Photo by Ben White on Unsplash

A version of this post originally appeared on The Glorious Table

I was raised in the church. I asked Jesus to be my savior with childlike innocence when I was just five years old.

Well, for the first time, anyway.

I probably prayed the prayer of salvation over a thousand times in the following years (and I’m not exaggerating). I was always afraid that my efforts hadn’t quite “stuck.”

I used to wonder why I felt the need to pray that special prayer over and over again. Didn’t I have enough faith? You only need faith the size of a mustard seed, right?

But I’ve come to realize over the years that prayer can mean something very different for a person with obsessive-compulsive disorder (OCD). When I was a child, I had not yet been diagnosed with OCD; I wasn’t diagnosed until I was sixteen. My childhood (and even adulthood) prayers often began as a loving exchange with God but then transitioned into an anxiety-producing, obsessive pattern. Prayer wasn’t so much a conversation for me as a magical talisman. If I could repeat something often enough, and with enough vigor, perhaps it would come true.
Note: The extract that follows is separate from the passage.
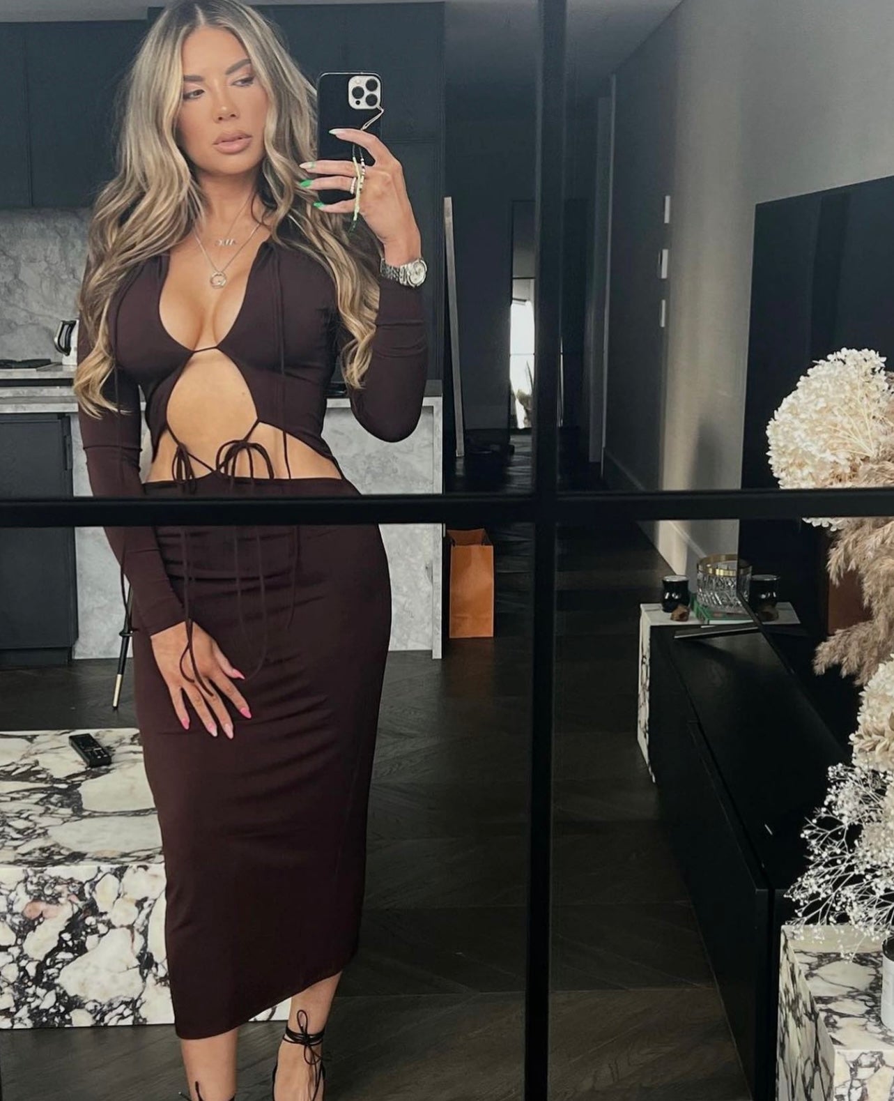 A luxurious Fitted long sleeve dress, with tie details and a slim arm.• Can be tied multiple ways• Fits xs - s

Perhaps the bad things wouldn’t happen. Perhaps my loved ones would stay safe.

I have vivid memories of lying in my bunk bed when I was very young, praying the same prayers over and over again with great fear and desperation. I would pray that no harm would come to me, my family, or my friends. I feared that if I didn’t pray enough or pray the right way, then something terrible would happen. (I often visualized a sparkling red dome of protection over the people I loved.)

Prayer, for me, was often more frightening than comforting. Sometimes prayer is still more frightening than comforting.

The Bible says to pray without ceasing (see 1Thessalonians 5:17), and people with OCD are really good at that. So what do you do when the Bible seems to line up with your mental illness? Because I have to believe that when the Bible says to pray without ceasing, it doesn’t mean compulsively praying the same words over and over again in an effort to break free from an obsessive thought spiral. This is something I struggle with to this day.

If I believe in the sovereignty of God, and I believe in the omnipotence of God, and I believe in the goodness and love of God, is prayer and petition a valuable part of the Christian life? I’m not talking about a conversational relationship with Jesus. In my mind, that’s different. Those words are not about asking or pleading or requesting.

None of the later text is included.